**WORK ORDER**
Pictures must not appear in the copy. Restate exactly the lines below from the one with "Keychain made of" through the one with "На страницах сайта", inclusive.

**EXERCISE MATERIALS**
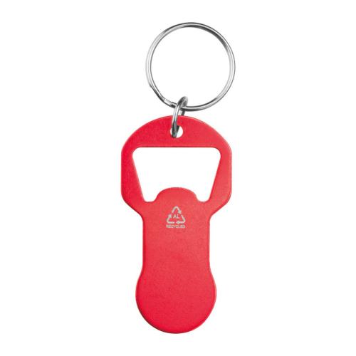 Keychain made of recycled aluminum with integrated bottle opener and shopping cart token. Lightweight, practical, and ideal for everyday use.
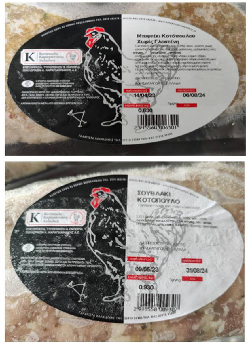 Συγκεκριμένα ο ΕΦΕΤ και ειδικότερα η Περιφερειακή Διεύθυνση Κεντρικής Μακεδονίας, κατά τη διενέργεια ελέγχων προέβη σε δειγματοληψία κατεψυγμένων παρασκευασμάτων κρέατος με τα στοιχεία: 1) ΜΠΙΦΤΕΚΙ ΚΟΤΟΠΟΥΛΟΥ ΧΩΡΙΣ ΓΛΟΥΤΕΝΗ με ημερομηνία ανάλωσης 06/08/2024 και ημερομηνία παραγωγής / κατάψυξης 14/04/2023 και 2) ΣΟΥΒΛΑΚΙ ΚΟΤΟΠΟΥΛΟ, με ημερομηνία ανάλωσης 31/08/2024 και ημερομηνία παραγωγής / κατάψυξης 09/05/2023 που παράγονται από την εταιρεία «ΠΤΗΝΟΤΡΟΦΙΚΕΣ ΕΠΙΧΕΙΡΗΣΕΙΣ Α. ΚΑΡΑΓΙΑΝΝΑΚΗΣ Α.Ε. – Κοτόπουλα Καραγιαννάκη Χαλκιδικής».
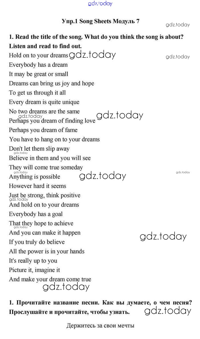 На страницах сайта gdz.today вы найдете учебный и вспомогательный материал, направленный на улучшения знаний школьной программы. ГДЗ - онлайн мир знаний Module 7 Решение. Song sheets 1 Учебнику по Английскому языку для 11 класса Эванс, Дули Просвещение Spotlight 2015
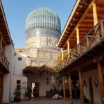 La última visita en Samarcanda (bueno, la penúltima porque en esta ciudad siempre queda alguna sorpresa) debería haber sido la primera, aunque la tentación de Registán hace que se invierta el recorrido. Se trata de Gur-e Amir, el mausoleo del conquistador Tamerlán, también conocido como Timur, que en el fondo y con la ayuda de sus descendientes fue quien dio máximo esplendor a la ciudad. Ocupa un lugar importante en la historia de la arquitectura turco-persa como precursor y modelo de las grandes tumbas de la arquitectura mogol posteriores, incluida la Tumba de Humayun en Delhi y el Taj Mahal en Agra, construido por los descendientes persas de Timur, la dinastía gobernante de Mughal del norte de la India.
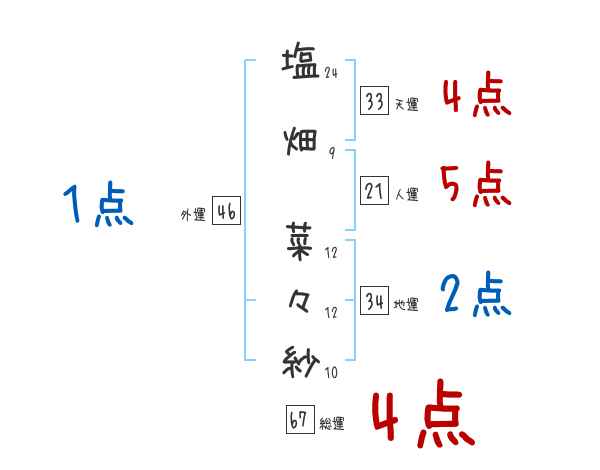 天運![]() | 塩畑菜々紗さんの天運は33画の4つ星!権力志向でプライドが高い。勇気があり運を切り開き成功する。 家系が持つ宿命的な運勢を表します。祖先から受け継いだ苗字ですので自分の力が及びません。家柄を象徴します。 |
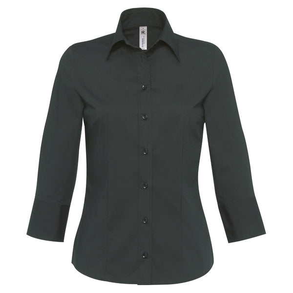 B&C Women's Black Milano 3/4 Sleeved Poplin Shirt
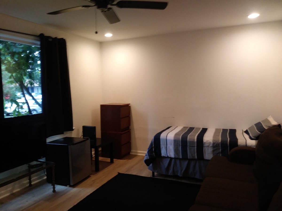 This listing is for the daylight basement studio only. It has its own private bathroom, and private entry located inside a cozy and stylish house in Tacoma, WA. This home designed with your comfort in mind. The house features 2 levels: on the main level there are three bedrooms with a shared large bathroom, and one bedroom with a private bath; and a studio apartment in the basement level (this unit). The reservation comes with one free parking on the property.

* * *

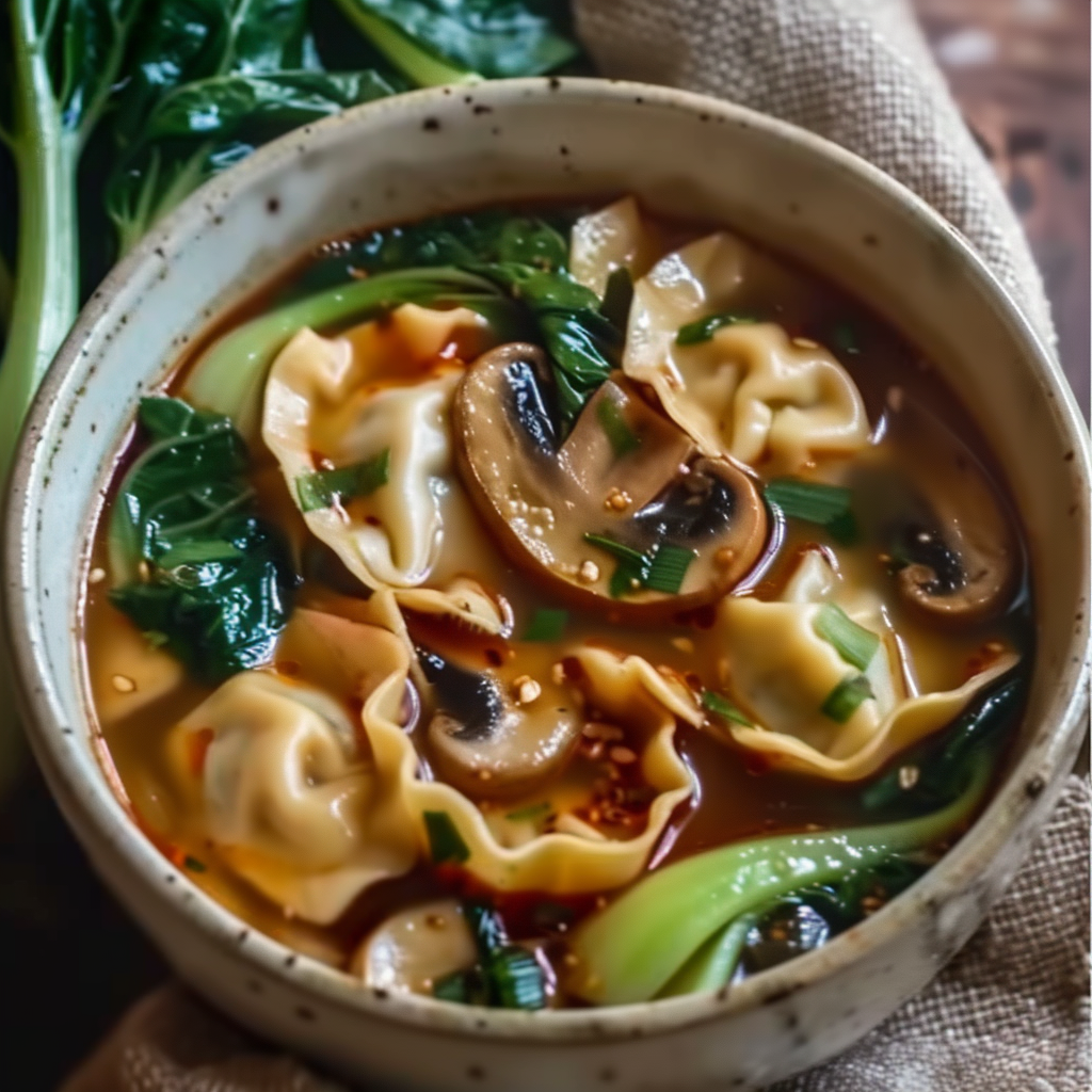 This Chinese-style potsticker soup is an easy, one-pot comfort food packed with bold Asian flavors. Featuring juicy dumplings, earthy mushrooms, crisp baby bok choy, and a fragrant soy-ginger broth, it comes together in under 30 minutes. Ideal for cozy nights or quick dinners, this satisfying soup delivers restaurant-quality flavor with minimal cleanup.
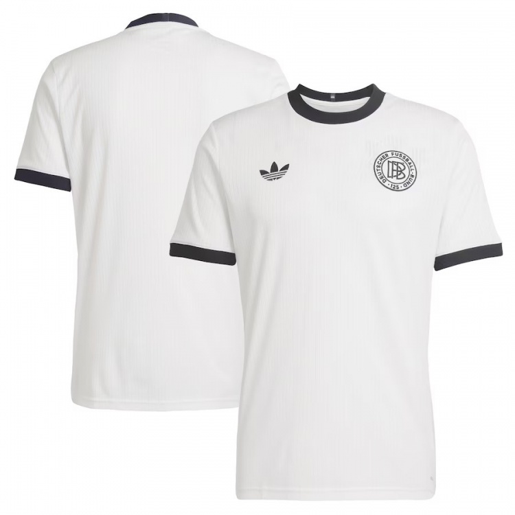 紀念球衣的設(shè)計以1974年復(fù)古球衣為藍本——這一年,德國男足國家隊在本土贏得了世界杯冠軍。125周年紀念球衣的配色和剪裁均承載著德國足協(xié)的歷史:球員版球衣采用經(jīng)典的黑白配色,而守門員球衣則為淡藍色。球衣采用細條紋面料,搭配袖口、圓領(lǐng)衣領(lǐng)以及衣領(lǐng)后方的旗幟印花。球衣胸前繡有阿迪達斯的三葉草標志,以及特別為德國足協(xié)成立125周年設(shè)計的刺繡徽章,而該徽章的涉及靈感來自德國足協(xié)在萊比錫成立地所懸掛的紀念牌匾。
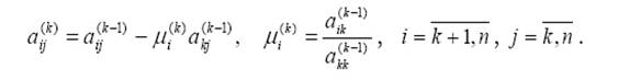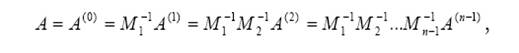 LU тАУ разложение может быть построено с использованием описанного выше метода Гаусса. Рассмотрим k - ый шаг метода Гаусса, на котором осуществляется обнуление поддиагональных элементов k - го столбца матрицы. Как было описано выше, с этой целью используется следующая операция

--

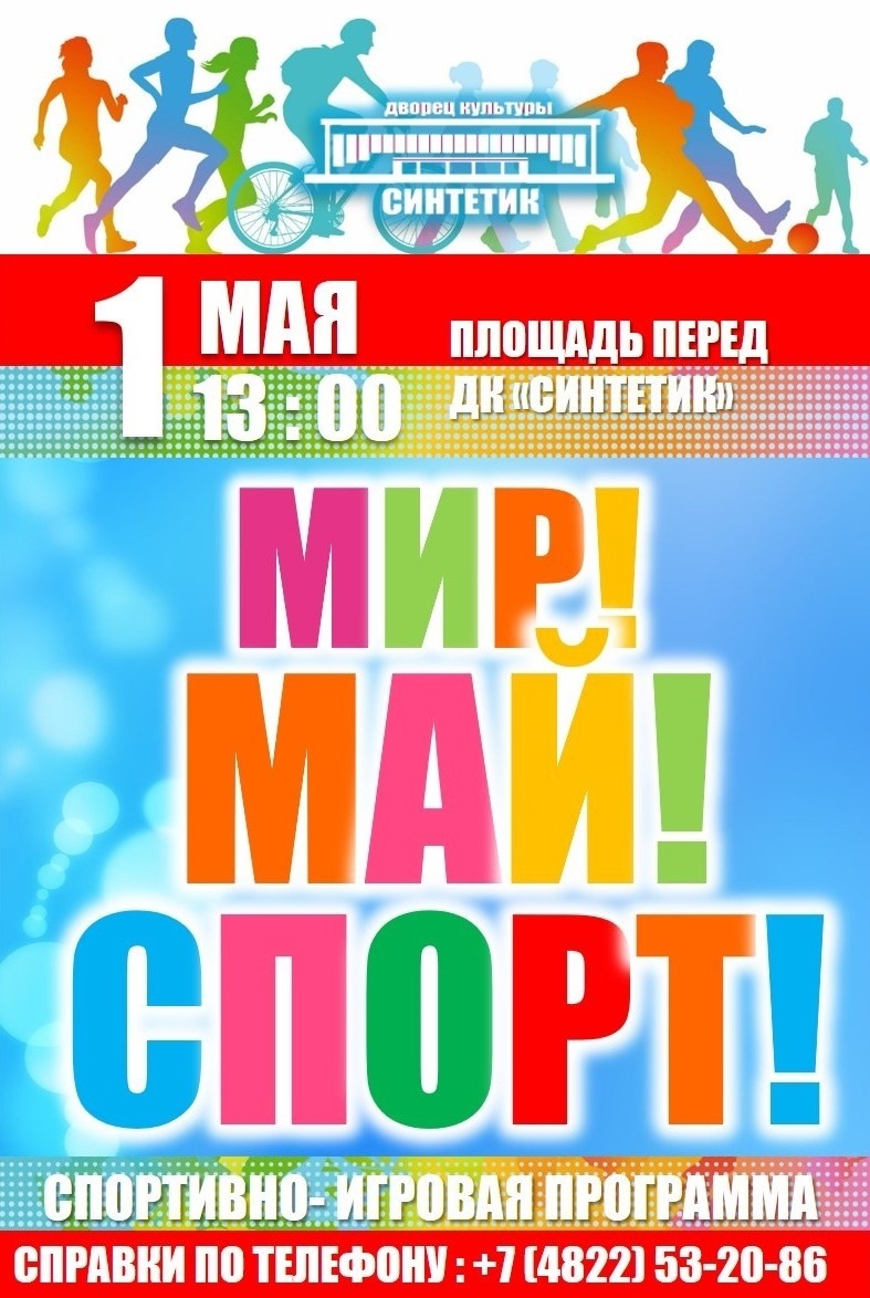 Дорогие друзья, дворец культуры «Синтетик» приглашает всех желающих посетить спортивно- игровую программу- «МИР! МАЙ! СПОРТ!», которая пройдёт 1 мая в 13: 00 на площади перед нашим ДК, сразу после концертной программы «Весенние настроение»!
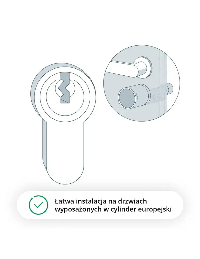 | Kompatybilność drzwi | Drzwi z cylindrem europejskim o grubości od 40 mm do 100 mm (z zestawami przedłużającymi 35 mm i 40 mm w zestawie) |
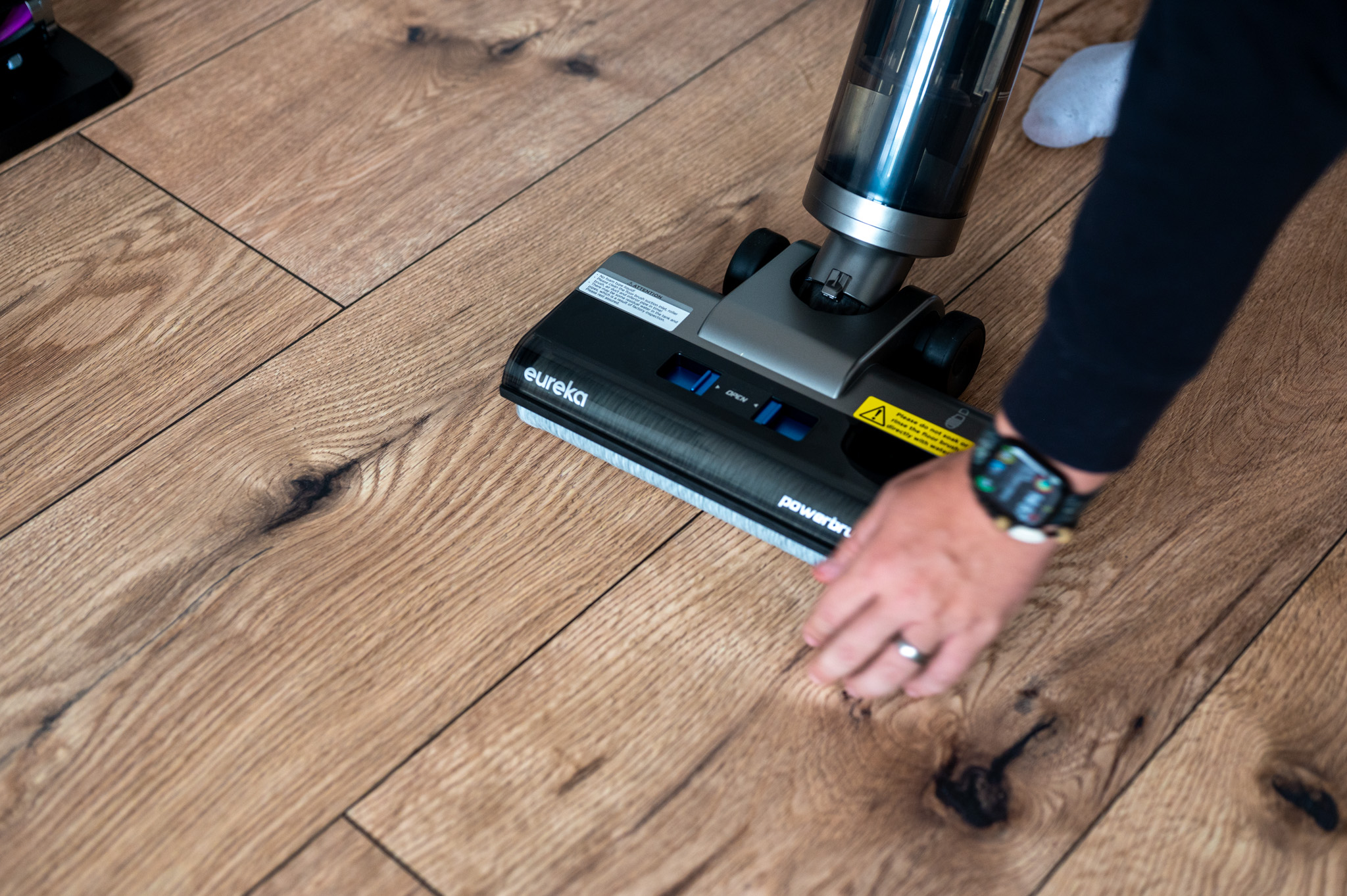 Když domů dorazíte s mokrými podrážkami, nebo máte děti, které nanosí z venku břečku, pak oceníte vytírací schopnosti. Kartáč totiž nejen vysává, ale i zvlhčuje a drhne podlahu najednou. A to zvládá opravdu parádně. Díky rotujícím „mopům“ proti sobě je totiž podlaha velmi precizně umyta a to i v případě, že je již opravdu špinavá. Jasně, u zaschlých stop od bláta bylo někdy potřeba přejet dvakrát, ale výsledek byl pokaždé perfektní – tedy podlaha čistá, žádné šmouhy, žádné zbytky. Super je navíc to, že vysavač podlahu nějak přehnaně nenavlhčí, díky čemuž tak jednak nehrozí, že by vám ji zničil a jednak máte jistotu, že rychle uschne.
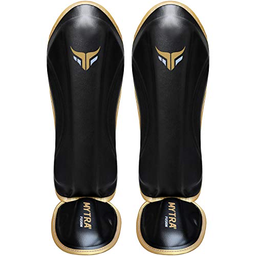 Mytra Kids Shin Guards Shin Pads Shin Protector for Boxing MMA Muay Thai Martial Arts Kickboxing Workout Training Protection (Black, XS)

**EXERCISE SOLUTION**
 Keychain made of recycled aluminum with integrated bottle opener and shopping cart token. Lightweight, practical, and ideal for everyday use.
 Συγκεκριμένα ο ΕΦΕΤ και ειδικότερα η Περιφερειακή Διεύθυνση Κεντρικής Μακεδονίας, κατά τη διενέργεια ελέγχων προέβη σε δειγματοληψία κατεψυγμένων παρασκευασμάτων κρέατος με τα στοιχεία: 1) ΜΠΙΦΤΕΚΙ ΚΟΤΟΠΟΥΛΟΥ ΧΩΡΙΣ ΓΛΟΥΤΕΝΗ με ημερομηνία ανάλωσης 06/08/2024 και ημερομηνία παραγωγής / κατάψυξης 14/04/2023 και 2) ΣΟΥΒΛΑΚΙ ΚΟΤΟΠΟΥΛΟ, με ημερομηνία ανάλωσης 31/08/2024 και ημερομηνία παραγωγής / κατάψυξης 09/05/2023 που παράγονται από την εταιρεία «ΠΤΗΝΟΤΡΟΦΙΚΕΣ ΕΠΙΧΕΙΡΗΣΕΙΣ Α. ΚΑΡΑΓΙΑΝΝΑΚΗΣ Α.Ε. – Κοτόπουλα Καραγιαννάκη Χαλκιδικής».
 На страницах сайта gdz.today вы найдете учебный и вспомогательный материал, направленный на улучшения знаний школьной программы. ГДЗ - онлайн мир знаний Module 7 Решение. Song sheets 1 Учебнику по Английскому языку для 11 класса Эванс, Дули Просвещение Spotlight 2015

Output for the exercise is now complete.